# Spo-tfidf-y

Vector embeddings are a really powerful method in data analytics and “machine learning”. If you can convert some non-quantitative data, like words, into vectors, you can use traditional data analytics methods to extract meaning from your input.

One of the most notable vector embeddings is Google’s word2vec. By mapping words 2 vectors, the smart folks at Google allowed us lowly non-Google employees to do really cool stuff with the English language! If you have some word $w_i$ and want to find a word with a similar meaning $w_s$, you can just look at your vectors and find the word with the closest distance to $w_i$ – this vector is your similar word, $w_s$! Who needs thesaurus.com when you have word2vec?
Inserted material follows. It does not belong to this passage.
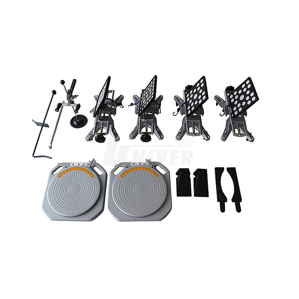 - malé odrazové terče (pasivní snímače) s držáky pro snadné a bezpečné upnutí na disky kol, nepotřebují žádnou vestavěnou elektroniku, žádné napájení, mechanické libely, ani kalibraci, a navíc jsou v dílenském nasazení téměř nerozbitné

Another neat feature is the “analogy” solving feature. A common analogy (I have no idea if that’s actually the correct term for this) is “man is to woman as king is to ___”. If you didn’t get an A in English, you can use word2vec to figure this out for you! The answer $w_{answer}$ is calculated by computing $w_{king} - w_{man} + w_{woman}$. The closest vector to this combination of word vectors turns out to be the vector for queen!

## What’s with the Title

Ok it was a pretty bad joke. A common “classical” vector embedding method is called tf-idf, which stands for “term frequency - inverse document frequency”. I’ll be analyzing Spotify data in this blog post, so I thought the pun would be cute. Let’s talk through what tf-idf is before we get to the music part.

With tf-idf, we have some set of documents with words in them, and make the assumption that words in the same document are similar, or at least somewhat related to one another. There are two parts to tf-idf: tf, which stands for term frequency, and idf, which stands for inverse document frequency. The first one is the easiest. In a document $D_i$, for a given word $w_j$, the term frequency of $w_j$ with respect to $D_i$ is the number of occurrences of $w_j$ in $D_i$, divided by the total number of words in $D_i$. Note: tf is computed for a word and a document. The same word may have a different tf score for different documents.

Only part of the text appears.